Pendant que nous nous régalions, l’écuyer tranchant
se mit à pérorer. Cependant, il jetait des coups d’œil
mauvais en direction du Sarrasin qui nous servait d’interprète. Celui-ci, avec beaucoup de tact, prétexta d’une
commande à passer pour nous laisser seuls. L’écuyer ne
mit alors plus de bornes au déchaînement de ses critiques à l’endroit des Arabes. Il exaltait leur fourberie,
leur violence, leur immoralité. Son prêche avait pour
effet et sans doute pour but de nous faire sentir combien nous étions des misérables de nous complaire dans
la compagnie de tels sauvages.
— Mais pourquoi, osai-je lui demander, partagez-vous
alors leur accoutrement ?
Car, enfin, si nous nous laissions séduire par la vie
damascène, au moins avions-nous le courage de proclamer par nos atours que nous restions des chrétiens.
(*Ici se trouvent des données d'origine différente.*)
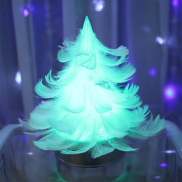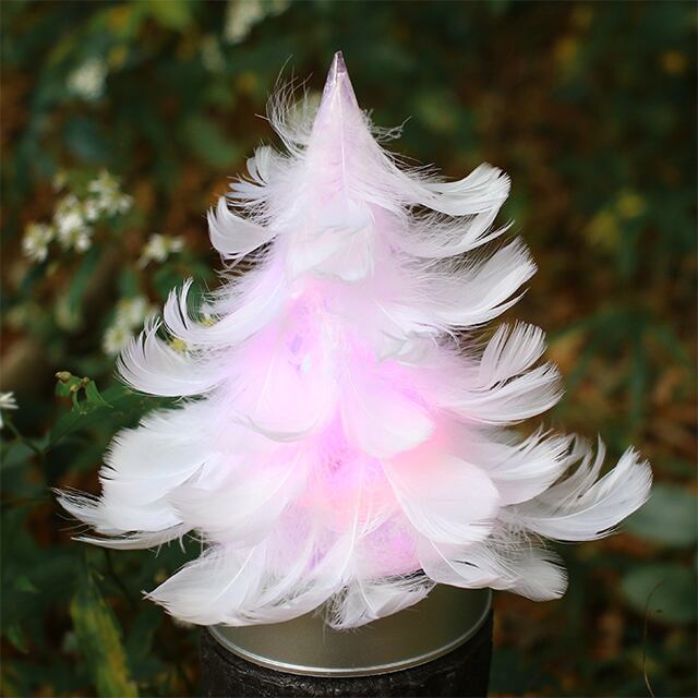 【7色に光る羽ツリー】てのひらサイズ LEDライト付き完成品 feather tree light 003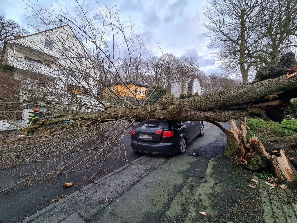 Orkan ZEYNEP, Baum auf Auto, Bochumer Autofahrer hatte Schutzengel
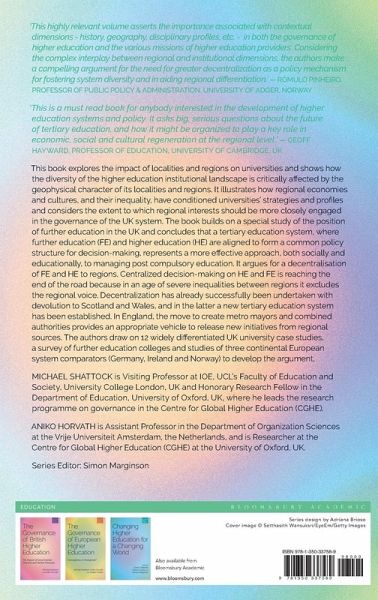 This book explores the impact of localities and regions on universities and shows how the diversity of the higher education landscape is critically affected by the geophysical character of regions and their differentiated economies and cultures; regional inequalities bear heavily on universities' strategy-making. A study of the interrelationship between higher and further education argues that from a regional perspective a change to a tertiary education system in England (following Wales) would create the conditions for better local and regional coordination. Universities make a significant contribution to 'levelling up' through technology transfer and the creation of innovation hubs but the contribution of locally or regionally based students who on graduation return to disadvantaged communities rather than seek employment elsewhere should be recognised also as a longer term step to redressing regional inequality. The book argues strongly that the time has come to decentralise the governance of a re-aligned tertiary system to regions and identifies the move to create metro mayors and combined authorities as providing the appropriate vehicle to release new initiative from regional sources. It cites the success of decentralisation to Scotland and Wales as offering relevant models for scrutiny. The authors draw on 12 UK widely differentiated university case studies, a survey of further education and a study of three continental European comparators (Germany, Ireland and Norway) to develop the argument.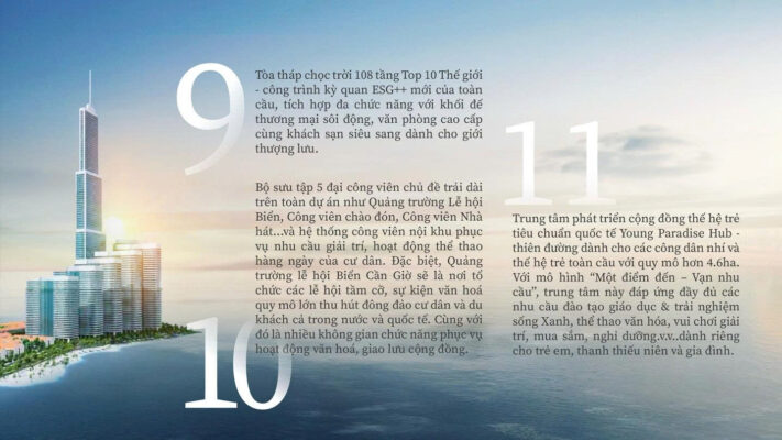 Dự án được định hướng phát triển theo mô hình “đô thị sinh thái biển” với tiêu chí ESG++ gồm Xanh – Thông minh – Sinh thái & Tái sinh.

L’écuyer baissa d’un ton et, en se penchant vers nous,
confia que ce travestissement était nécessaire à l’accomplissement de ses desseins. Nous comprîmes alors qu’il
entendait mener une mission secrète pour le compte du
duc de Bourgogne, son maître. Cette supposée discrétion était d’autant plus ridicule que les mahométans ne
pouvaient ignorer dès le premier coup d’œil à qui ils
avaient affaire. Néanmoins, fort de son invisibilité supposée, Bertrandon rassemblait le plus d’informations
possible sur les contrées qui l’accueillaient. Il nous fit
des demandes nombreuses sur les villes et villages que
nous avions traversés. Il insistait sans la moindre vergogne sur les détails militaires : avions-nous rencontré
des troupes ? Qui gardait tel pont, tel bâtiment ? Combien d’hommes en armes accompagnaient la grande
caravane à laquelle — mais je me gardai de lui dire —
j’avais hésité à me joindre ? À mesure que l’interrogatoire avançait, nous comprenions plus clairement la
nature de la mission qui lui avait été confiée. Il s’agissait
ni plus ni moins de préparer une nouvelle croisade.
De tous les princes d’Occident, le duc de Bourgogne
était celui qui continuait de former les projets les plus
concrets de reconquête de l’Orient. Il avait d’ailleurs
financé une expédition quelques années plus tôt qui
s’était soldée par un échec.
Dès que j’eus pris conscience des intentions véritables
de Bertrandon, je le regardai autrement. Ce qui m’avait
diverti en lui me fit soudain horreur.